Listed entries Block Start
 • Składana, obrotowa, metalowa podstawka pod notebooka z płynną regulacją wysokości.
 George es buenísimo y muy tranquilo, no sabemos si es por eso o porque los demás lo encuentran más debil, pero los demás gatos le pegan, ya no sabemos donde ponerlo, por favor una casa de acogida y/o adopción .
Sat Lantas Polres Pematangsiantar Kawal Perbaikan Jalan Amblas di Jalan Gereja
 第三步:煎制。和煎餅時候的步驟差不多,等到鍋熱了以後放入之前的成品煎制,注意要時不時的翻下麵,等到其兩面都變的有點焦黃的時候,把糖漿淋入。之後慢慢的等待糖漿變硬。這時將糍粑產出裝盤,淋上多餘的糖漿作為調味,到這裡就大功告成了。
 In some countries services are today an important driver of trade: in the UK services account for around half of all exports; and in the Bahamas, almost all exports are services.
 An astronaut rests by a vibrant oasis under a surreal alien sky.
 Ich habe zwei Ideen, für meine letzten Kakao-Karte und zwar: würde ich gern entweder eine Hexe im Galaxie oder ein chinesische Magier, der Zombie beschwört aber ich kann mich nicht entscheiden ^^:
Listed entries Block End
Listed entries Block Start
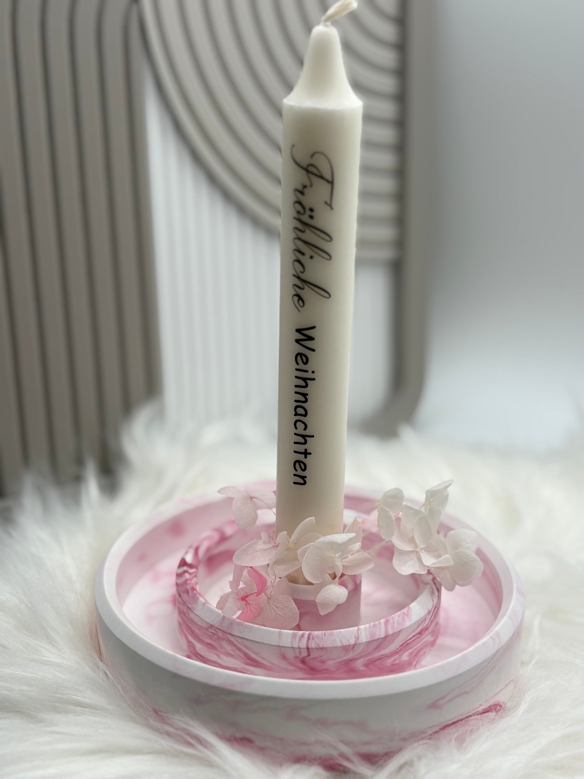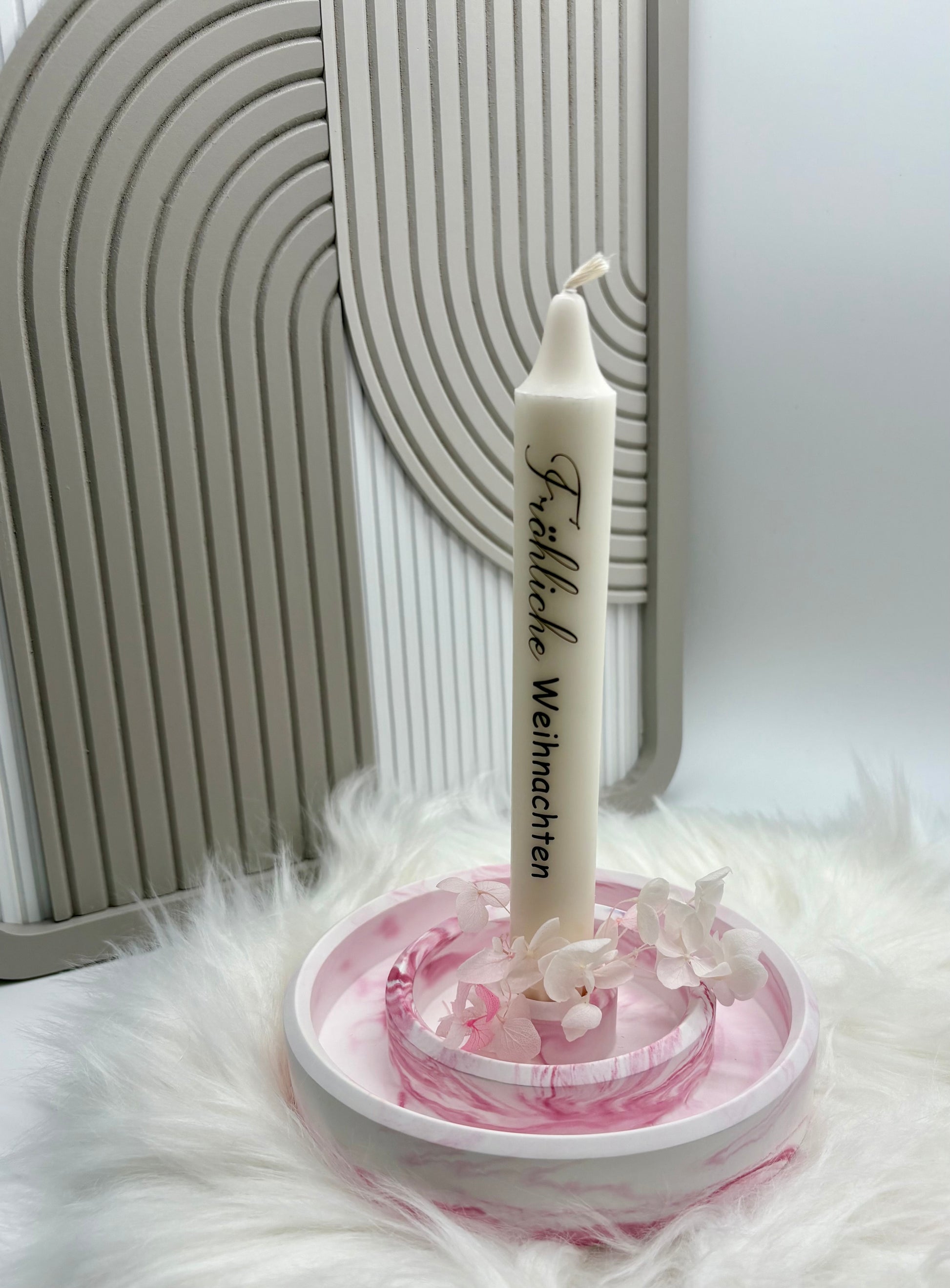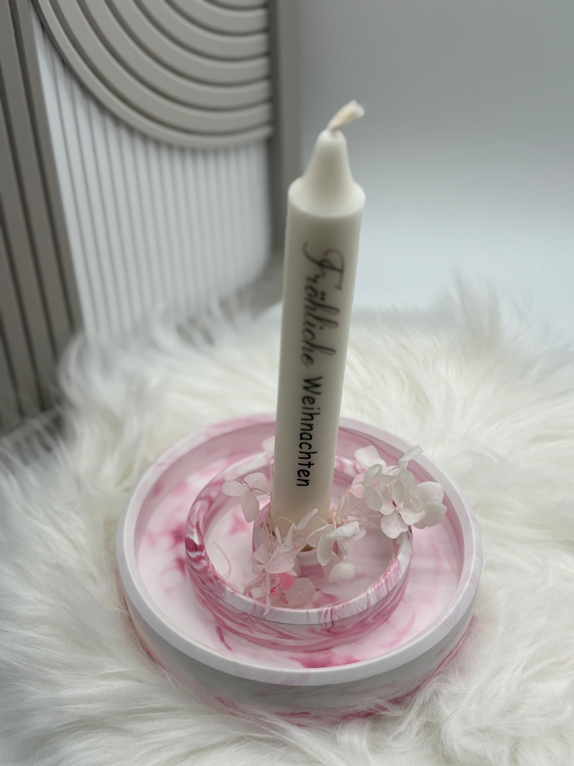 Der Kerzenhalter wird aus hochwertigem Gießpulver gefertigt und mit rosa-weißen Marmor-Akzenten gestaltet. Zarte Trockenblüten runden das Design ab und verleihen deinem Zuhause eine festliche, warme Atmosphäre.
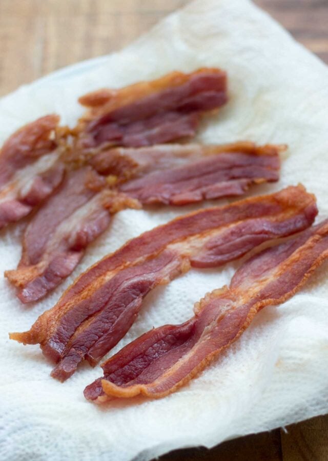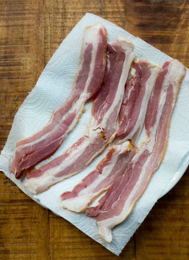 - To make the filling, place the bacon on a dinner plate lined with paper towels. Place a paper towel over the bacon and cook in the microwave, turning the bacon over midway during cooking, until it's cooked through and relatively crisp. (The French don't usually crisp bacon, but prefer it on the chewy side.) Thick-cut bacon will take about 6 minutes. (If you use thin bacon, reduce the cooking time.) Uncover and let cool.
Listed entries Block End
**What the task asks:**
Give back exactly the lines above, from the line containing "Sat Lantas Polres" through the line containing "Ich habe zwei", with both end lines and nothing more.

**Response below:**
Sat Lantas Polres Pematangsiantar Kawal Perbaikan Jalan Amblas di Jalan Gereja
 第三步:煎制。和煎餅時候的步驟差不多,等到鍋熱了以後放入之前的成品煎制,注意要時不時的翻下麵,等到其兩面都變的有點焦黃的時候,把糖漿淋入。之後慢慢的等待糖漿變硬。這時將糍粑產出裝盤,淋上多餘的糖漿作為調味,到這裡就大功告成了。
 In some countries services are today an important driver of trade: in the UK services account for around half of all exports; and in the Bahamas, almost all exports are services.
 An astronaut rests by a vibrant oasis under a surreal alien sky.
 Ich habe zwei Ideen, für meine letzten Kakao-Karte und zwar: würde ich gern entweder eine Hexe im Galaxie oder ein chinesische Magier, der Zombie beschwört aber ich kann mich nicht entscheiden ^^:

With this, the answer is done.